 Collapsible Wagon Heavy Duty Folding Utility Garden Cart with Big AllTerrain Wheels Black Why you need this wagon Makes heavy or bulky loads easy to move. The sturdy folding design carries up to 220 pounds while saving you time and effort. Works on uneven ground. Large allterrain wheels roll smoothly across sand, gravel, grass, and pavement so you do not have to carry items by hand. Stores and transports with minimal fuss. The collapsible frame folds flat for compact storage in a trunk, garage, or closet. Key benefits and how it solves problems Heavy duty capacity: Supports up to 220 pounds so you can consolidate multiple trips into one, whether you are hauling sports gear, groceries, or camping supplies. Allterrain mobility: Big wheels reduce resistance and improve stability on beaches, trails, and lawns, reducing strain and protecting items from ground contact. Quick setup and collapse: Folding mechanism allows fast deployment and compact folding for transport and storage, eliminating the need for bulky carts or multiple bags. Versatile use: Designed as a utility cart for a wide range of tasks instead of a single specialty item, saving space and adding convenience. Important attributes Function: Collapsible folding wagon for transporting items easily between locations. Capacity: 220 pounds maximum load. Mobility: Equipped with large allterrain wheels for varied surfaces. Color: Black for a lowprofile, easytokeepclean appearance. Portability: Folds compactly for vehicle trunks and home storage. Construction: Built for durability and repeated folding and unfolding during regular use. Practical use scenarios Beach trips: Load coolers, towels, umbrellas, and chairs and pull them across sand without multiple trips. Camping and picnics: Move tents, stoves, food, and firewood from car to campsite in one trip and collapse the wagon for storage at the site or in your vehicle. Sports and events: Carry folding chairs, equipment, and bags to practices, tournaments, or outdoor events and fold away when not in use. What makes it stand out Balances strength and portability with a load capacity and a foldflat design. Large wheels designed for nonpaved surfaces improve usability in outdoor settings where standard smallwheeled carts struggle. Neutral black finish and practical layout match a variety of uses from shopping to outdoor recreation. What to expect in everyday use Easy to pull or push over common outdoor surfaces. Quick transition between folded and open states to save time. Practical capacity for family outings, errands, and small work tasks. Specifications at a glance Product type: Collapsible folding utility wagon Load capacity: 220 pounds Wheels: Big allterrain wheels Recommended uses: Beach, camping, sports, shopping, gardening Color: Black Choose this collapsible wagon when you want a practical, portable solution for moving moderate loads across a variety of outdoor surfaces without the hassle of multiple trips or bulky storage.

________________

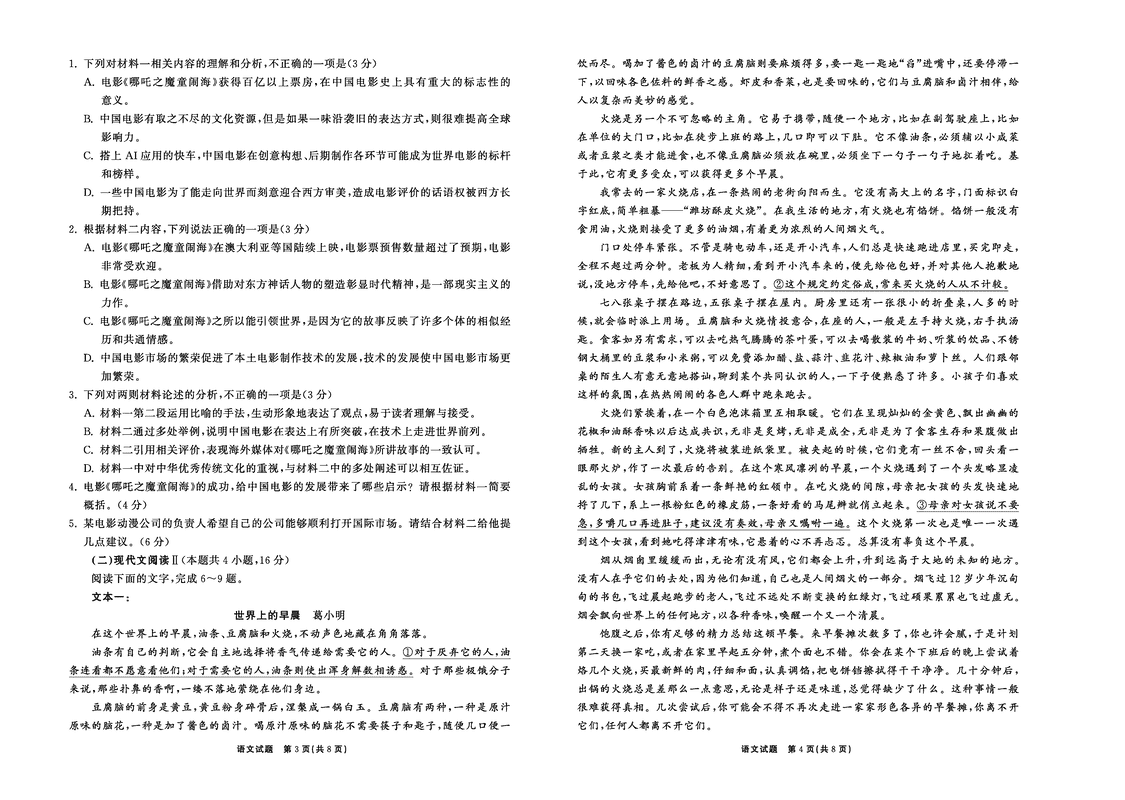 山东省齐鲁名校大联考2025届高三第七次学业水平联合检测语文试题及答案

________________

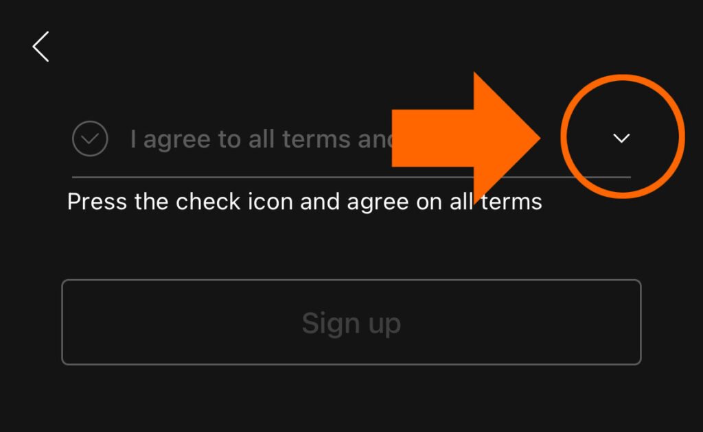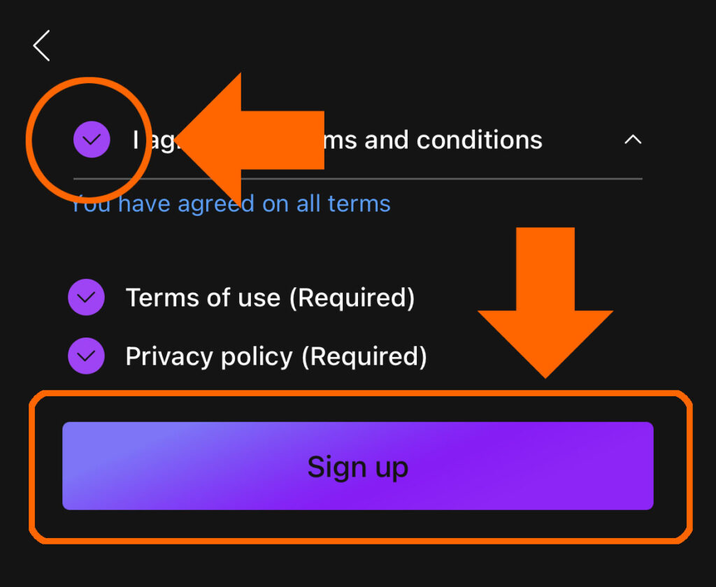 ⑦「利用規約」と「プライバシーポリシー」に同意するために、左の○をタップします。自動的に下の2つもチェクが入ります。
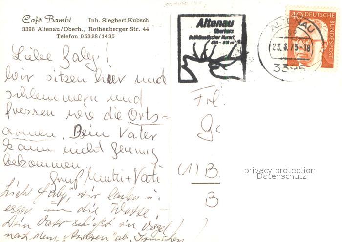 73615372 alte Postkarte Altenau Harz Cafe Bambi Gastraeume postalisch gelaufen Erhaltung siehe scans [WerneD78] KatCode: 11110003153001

________________

AIM OF THE EXERCISE
Once the line with "⑦「利用規約」と「プライバシ" has been found above, output that line and every later line exactly, stopping after the line with "73615372 alte Postkarte", and omit the pictures.

ANSWER BOX
 ⑦「利用規約」と「プライバシーポリシー」に同意するために、左の○をタップします。自動的に下の2つもチェクが入ります。
 73615372 alte Postkarte Altenau Harz Cafe Bambi Gastraeume postalisch gelaufen Erhaltung siehe scans [WerneD78] KatCode: 11110003153001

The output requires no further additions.